Jeez, with an attitude like that towards them, I can't imagine why the police in Pomeroy would have a problem with you. I'd have impounded your car, and let you take the lights off there after you paid the impound fee. You're lucky they were in a good mood and let you take them off.


----------



## sentravis (Jul 7, 2002)

ok about the race track.. NO.. i just got back from tennisee.. and im tired of driving that far for a while.. lol so sorry.. im not about to drive 6 hours to go to that.. about the impersonating.. well.. i can understand the rules.. rules are rules.. thats why on the box of your items.. many of them strictly imply the "For Offroad Use Only".. you should read.. lol.. im sorry that they gave you that attitude.. but honestly ohio statie.. do you really need to be so strict.. i dont think so.. impersonating a cop or firefighter.. nahh.. i dont think soo.. thats retarded.. but anyways.. like i said.. rules are rules.. most of them are like that for some reason.. we have to understand the government.. at least they let us have colors like green ..... i think.... hey!.. green impersonates paramedics in some states.. so how are they legal/.???? i just feel that.. if they dont flash or blink or strobe.. then they should be legal.. hey statie.. im gonna keep callin you that untill you give me your name.. lol.. i have another question.. are you gonna pull me over for having clear corners??? i mean in the front.. no yellow in the front.. i know that you probably would.. i know that altezzas are gay but i wanna stay legal in the rear.. so i got them.. insted of the clears.. i couldnt find se-rs.. so i had to settle with what i could get.. welll.. if anyone is near akron or cleveland.. email me... Travis..


----------



## 97sentragxe (Jun 20, 2002)

1999GXE1.6 said:


> * about the impersonating.. well.. i can understand the rules.. rules are rules.. thats why on the box of your items.. many of them strictly imply the "For Offroad Use Only".. you should read.. lol.. im sorry that they gave you that attitude.. but honestly ohio statie.. do you really need to be so strict.. i dont think so..
> 
> Nope, I don't need to be so strict, usually and the only times I am is when I get an attitude from someone when all I'm doing is my job.
> 
> ...


----------



## Guest (Sep 5, 2002)

*cops*

now dont get me wrong im feinds with almost all the cops in pomeroy. just 1 or 2 that everybody has prob. with even the other cops. im a firefighter. so they let me have my strobs now ( i wasnt back then) shoot one cop told me to leave town and not come back cause he didnt like our type of cars.(lowriders and imports) thats just wrong


----------



## 97sentragxe (Jun 20, 2002)

Well, that's different, then.
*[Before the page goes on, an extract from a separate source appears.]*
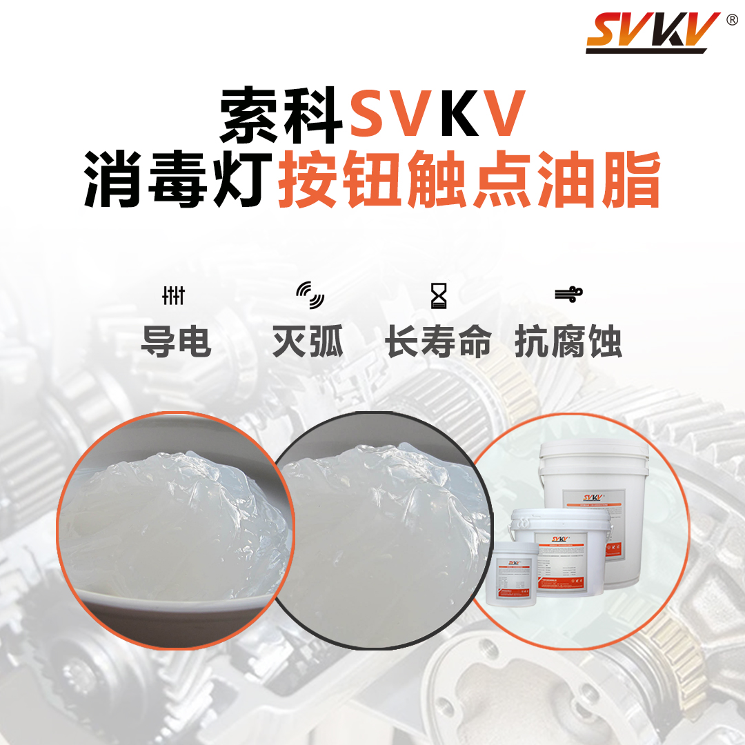 索科SVKV906系列消毒燈按鈕觸點油脂由無機皂稠化非矽酮類合成油加超導電添加劑?抗氧化劑等精煉而成。SK系列開關觸點油脂專為電子電器的旋轉和滑動開關的防電弧?抗氧化?抗磨損和保護而設計,能有效降低接觸電阻和溫升,防止積碳的產生。

Cops with power trips are a very bad thing. They take away credibility, for one, and just make law enforcement as a whole look bad.


----------



## sentravis (Jul 7, 2002)

Jason how old are you? what rank are you? i had a statie behind me earlier today.. and she looked kinda goodlookin.. lol.. i dont like saying this.. but... i didnt feel afraid or nervous when she was behind me.. thats kinda bad really.. i feel bad for all female officers.. they arnt gonna get the same respect as the male officers.. well jason.. hope to be able to meet up with you sometime.. you take care.. and ill see you on the shoulder sometime.. LOL


----------



## 97sentragxe (Jun 20, 2002)

I'm 24, and my rank is Trooper. I"m at the bottom of the totem pole, so to speak. 
I agree that female troopers may not get the respect they deserve, but they should. They do exactly the same thing male ones do, and they get a hard time from people. Just remember, just because she looks good, and may only be 5'4" and weigh 130 pounds doesn't mean she couldn't mop up the side of the road with your ass if she needed to.


----------



## NismoGirl2001 (Apr 30, 2002)

Hey I just moved down to Northern Kentucky and I would be willing to meet up with some of you people sometime. I have an all black 2001 sentra se with a few mods . My b.f has a pretty modded sentra as well. 

We should all meet up sometime.


----------



## 97sentragxe (Jun 20, 2002)

So, are any of us going to meet up sometime, or are we all going to talk about it forever? 
I just bought a bike a few days ago, and so I've been riding it all the time. I may ride it instead of fdrive the Sentra.  Lots more fun.


----------